- **Problem description**
Reproduce the listing in its entirety. Do not reproduce the pictures.

- **Material for this exercise**
■ ■ ■ ■ ■ ■ ■

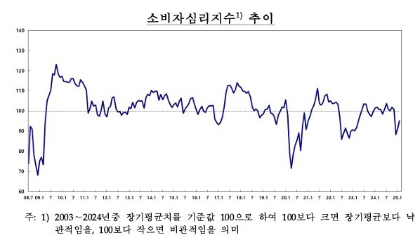 CCSI는 지난해 7~11월까지 100 이상을 기록했다가 지난해 12월 계엄 사태 여파로 88.2로 급락했다. 이후 정치적 상황이 안정될 것이라는 기대감에 1월 91.2로 회복한 뒤 상승세를 이어가고 있다.
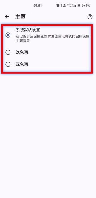 4、在【主题】页面,提供【系统默认设置】【浅色调】【深色调】三种选项,可根据偏好选择对应风格,适配设备显示模式。
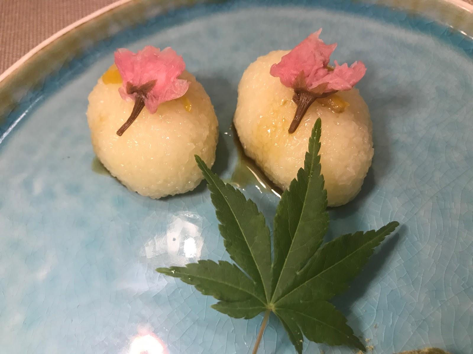 甜品分別有櫻花柚子荻餅和抹茶蕨餅, 放在一隻如湖水般的圓碟上, 賣相甚精美。
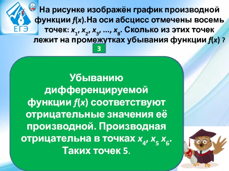 Убыванию дифференцируемой функции f(x) соответствуют отрицательные значения её производной. Производная отрицательна в точках x4, x5 x6. Таких точек 5.
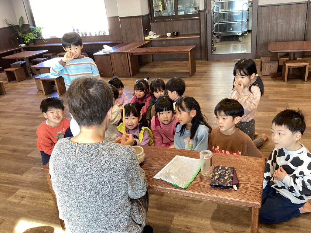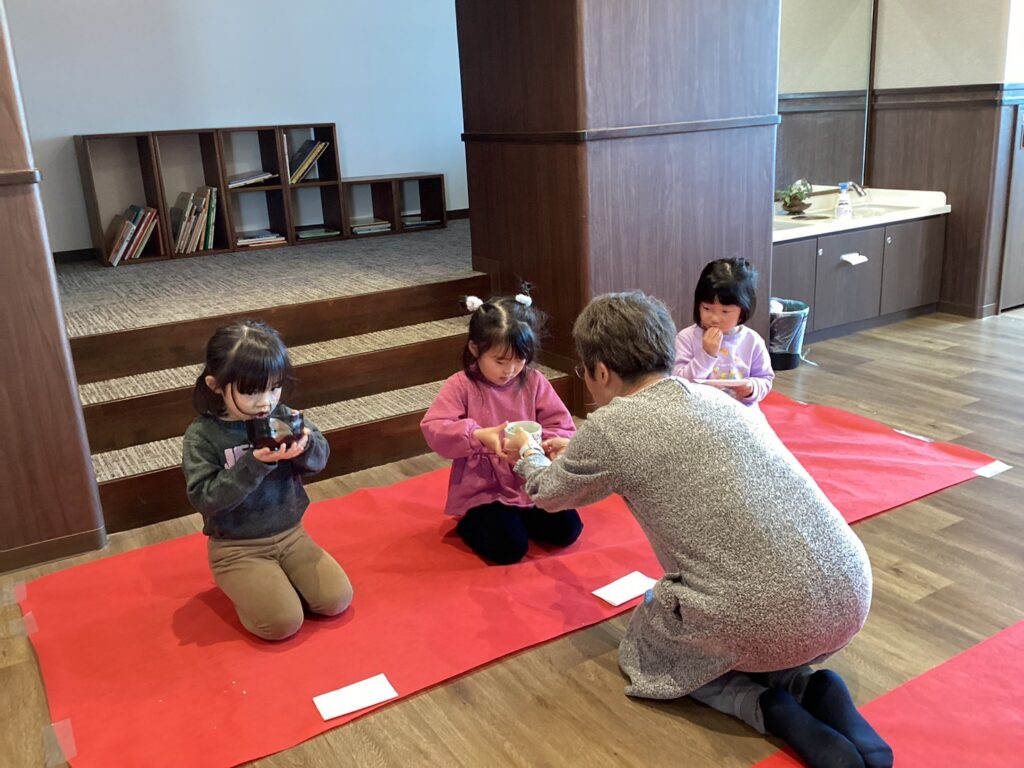 鏡開きに続き、4歳児・5歳児は日本の伝統行事のひとつである『初釜』も体験しました。
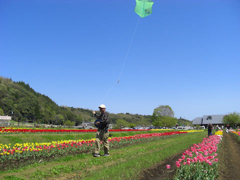 2010年4月6日 チューリップ会場から凧を揚げて空撮しました。
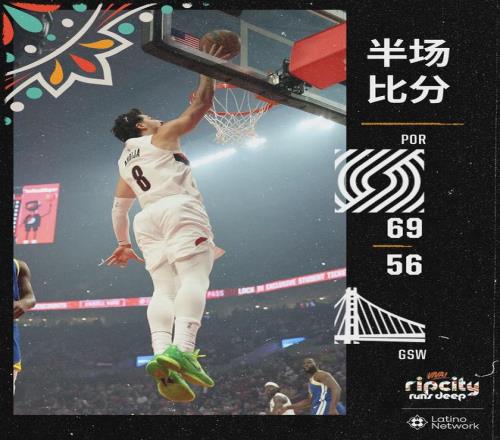 开拓者继续用五小,把分差拉开到两位数,杨瀚森第二节没能登场。半场战罢,开拓者69-56领先勇士13分。开拓者单节三分11中9,这谁顶得住?库里24分、库明加10分5板2断;阿夫迪亚20分、格兰特17分。勇士上半场13次助攻11次失误!
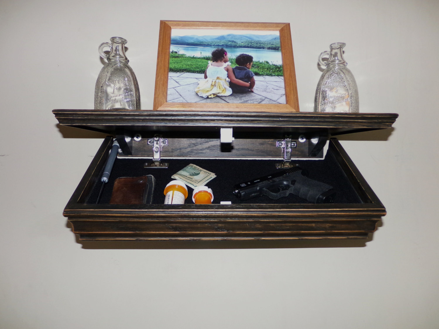 This type of shelf is a convenient way to store medication or gun at easy reach, but out of plain sight and the hands of little ones.
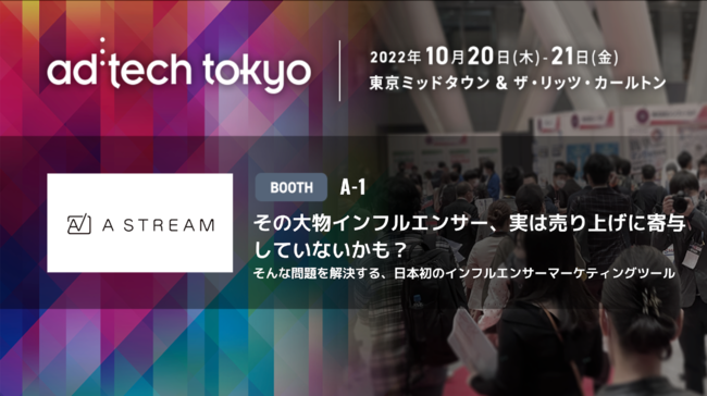 この度、10/20(木)~10/21(金)六本木ミッドタウン&ザ・リッツ・カールトン東京にて開催されるアジア最大級のマーケティングカンファレンス「アドテック東京2022」にてブースの出展をいたします。
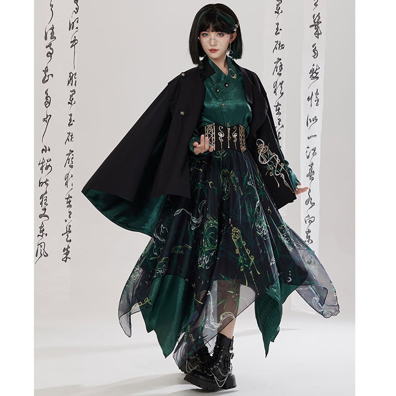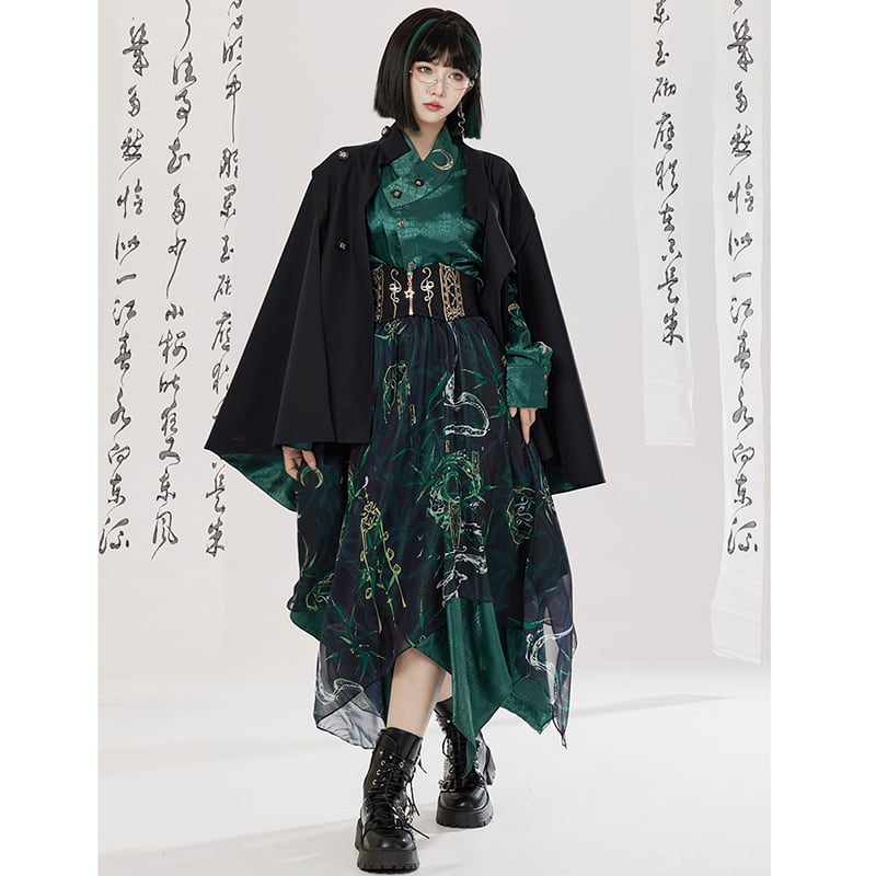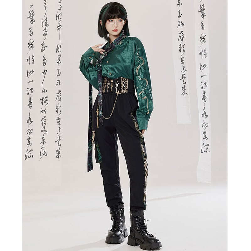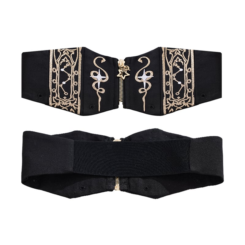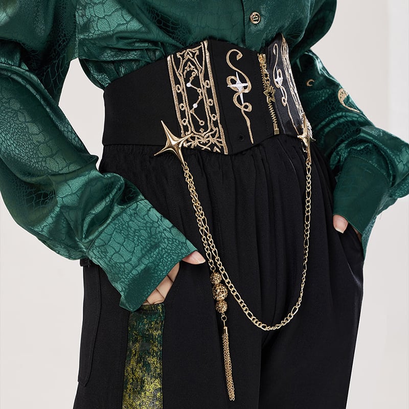 【卿棠---幽篁玉京シリーズ】★チャイナ風ベルト★ ボトムス 刺繍 帯 個性的 合わせやすい ブラック 黒い
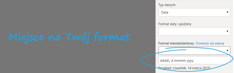 Przykładowo zamieńmy miejscami słowny opis dnia tygodnia i datę.
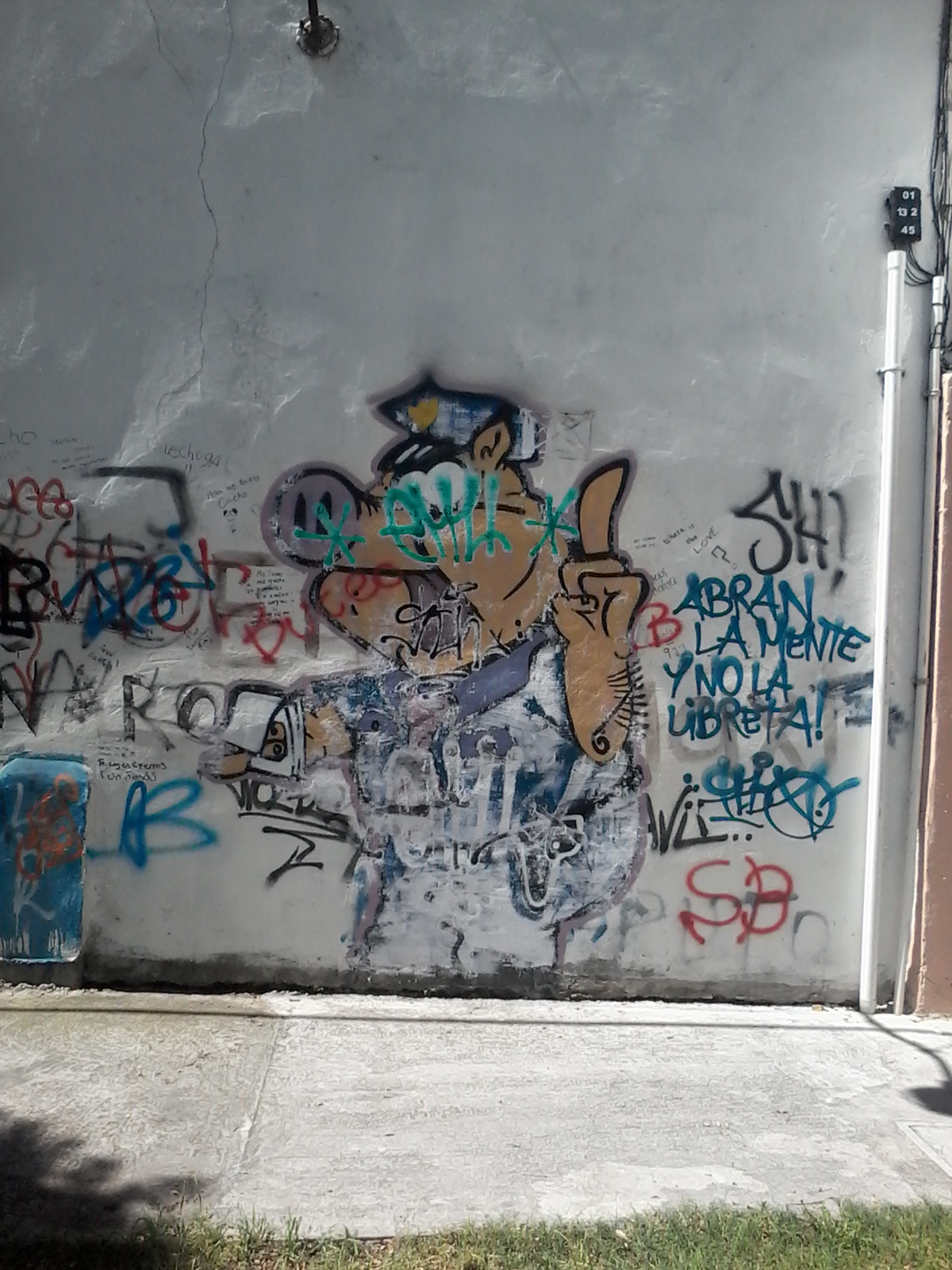Pasaron dos años. Cada tanto, en los días más soleados, veía algunos rasgos del chancho detrás de la pintura blanca que me permitían recuperar en la memoria aquel primer acercamiento con el dibujo. Pero ayer me llevé una sorpresa. Después de unas intensas lluvias el chancho emergió rozagante y triunfador. Y además con una leyenda nueva: “Abran la mente y no la libreta”.
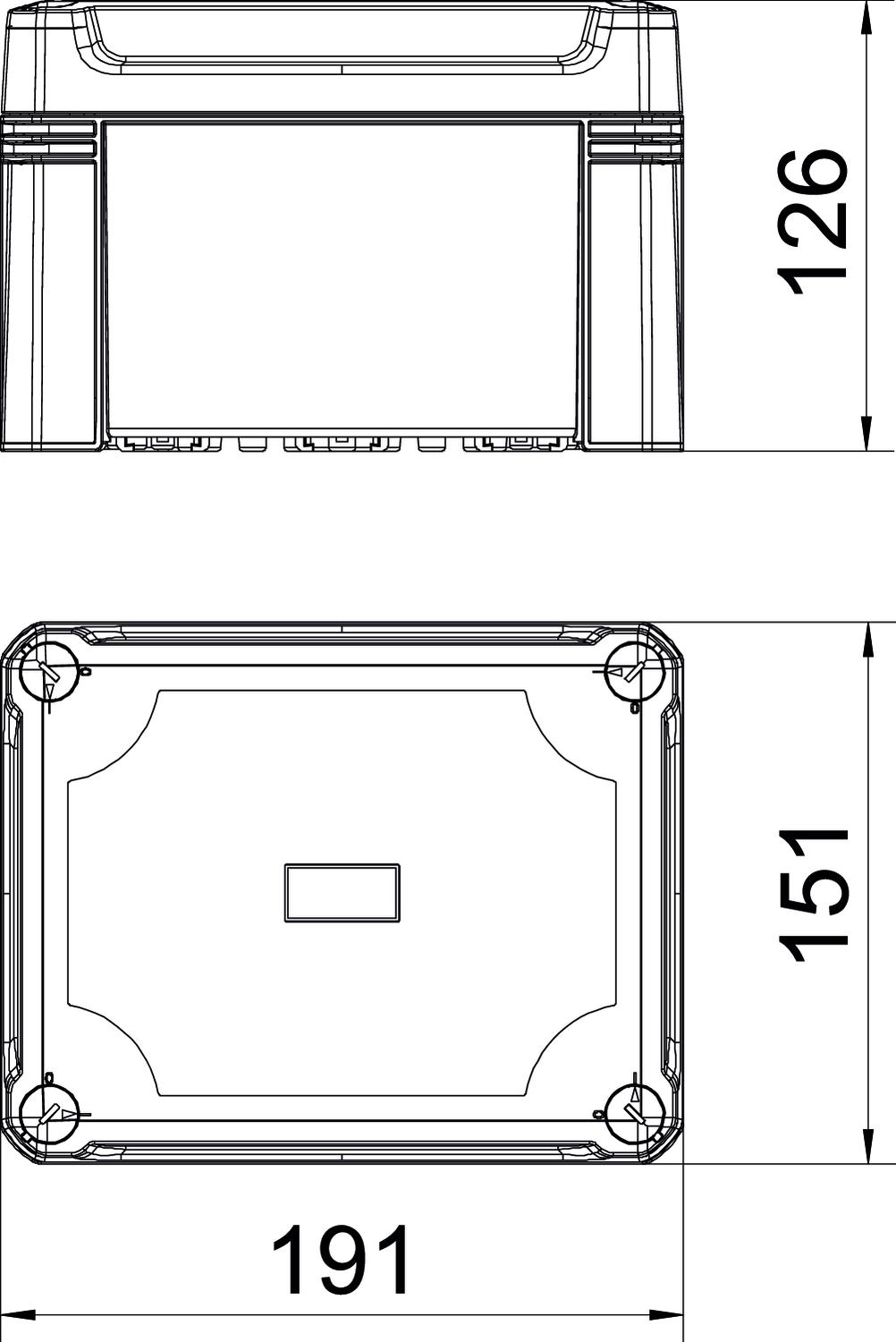 Junction box for the connection of cables and lines indoors and in outdoor areas. Rectangular design without entries. Suitable for wall and ceiling mounting with the option to fasten outside, inside or to mount via the corner domes. Particularly impact resistant with IK09. Transparent cover with quick lock, sealable. Made from halogen-free and UV-resistant materials.
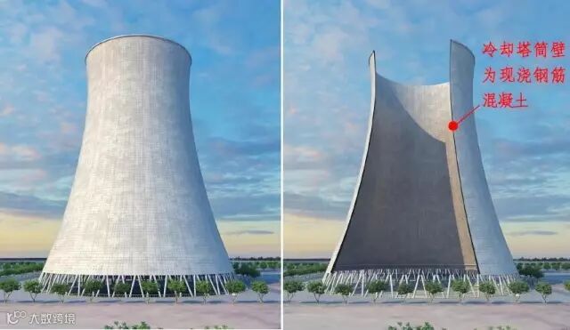 2.7号冷却塔工程概况。事发7号冷却塔属于江西丰城发电厂三期扩建工程D标段,是三期扩建工程中两座逆流式双曲线自然通风冷却塔(如图1所示)其中一座,采用钢筋混凝土结构。两座冷却塔布置在主厂房北侧,整体呈东西向布置,塔中心间距197.1米。7号冷却塔位于东侧,设计塔高165米,塔底直径132.5米,喉部高度132米,喉部直径75.19米,筒壁厚度0.23至1.1米。

■ ■ ■ ■ ■ ■ ■

- **Answer to this task**
 CCSI는 지난해 7~11월까지 100 이상을 기록했다가 지난해 12월 계엄 사태 여파로 88.2로 급락했다. 이후 정치적 상황이 안정될 것이라는 기대감에 1월 91.2로 회복한 뒤 상승세를 이어가고 있다.
 4、在【主题】页面,提供【系统默认设置】【浅色调】【深色调】三种选项,可根据偏好选择对应风格,适配设备显示模式。
 甜品分別有櫻花柚子荻餅和抹茶蕨餅, 放在一隻如湖水般的圓碟上, 賣相甚精美。
 Убыванию дифференцируемой функции f(x) соответствуют отрицательные значения её производной. Производная отрицательна в точках x4, x5 x6. Таких точек 5.
 鏡開きに続き、4歳児・5歳児は日本の伝統行事のひとつである『初釜』も体験しました。
 2010年4月6日 チューリップ会場から凧を揚げて空撮しました。
 开拓者继续用五小,把分差拉开到两位数,杨瀚森第二节没能登场。半场战罢,开拓者69-56领先勇士13分。开拓者单节三分11中9,这谁顶得住?库里24分、库明加10分5板2断;阿夫迪亚20分、格兰特17分。勇士上半场13次助攻11次失误!
 This type of shelf is a convenient way to store medication or gun at easy reach, but out of plain sight and the hands of little ones.
 この度、10/20(木)~10/21(金)六本木ミッドタウン&ザ・リッツ・カールトン東京にて開催されるアジア最大級のマーケティングカンファレンス「アドテック東京2022」にてブースの出展をいたします。
 【卿棠---幽篁玉京シリーズ】★チャイナ風ベルト★ ボトムス 刺繍 帯 個性的 合わせやすい ブラック 黒い
 Przykładowo zamieńmy miejscami słowny opis dnia tygodnia i datę.
Pasaron dos años. Cada tanto, en los días más soleados, veía algunos rasgos del chancho detrás de la pintura blanca que me permitían recuperar en la memoria aquel primer acercamiento con el dibujo. Pero ayer me llevé una sorpresa. Después de unas intensas lluvias el chancho emergió rozagante y triunfador. Y además con una leyenda nueva: “Abran la mente y no la libreta”.
 Junction box for the connection of cables and lines indoors and in outdoor areas. Rectangular design without entries. Suitable for wall and ceiling mounting with the option to fasten outside, inside or to mount via the corner domes. Particularly impact resistant with IK09. Transparent cover with quick lock, sealable. Made from halogen-free and UV-resistant materials.
 2.7号冷却塔工程概况。事发7号冷却塔属于江西丰城发电厂三期扩建工程D标段,是三期扩建工程中两座逆流式双曲线自然通风冷却塔(如图1所示)其中一座,采用钢筋混凝土结构。两座冷却塔布置在主厂房北侧,整体呈东西向布置,塔中心间距197.1米。7号冷却塔位于东侧,设计塔高165米,塔底直径132.5米,喉部高度132米,喉部直径75.19米,筒壁厚度0.23至1.1米。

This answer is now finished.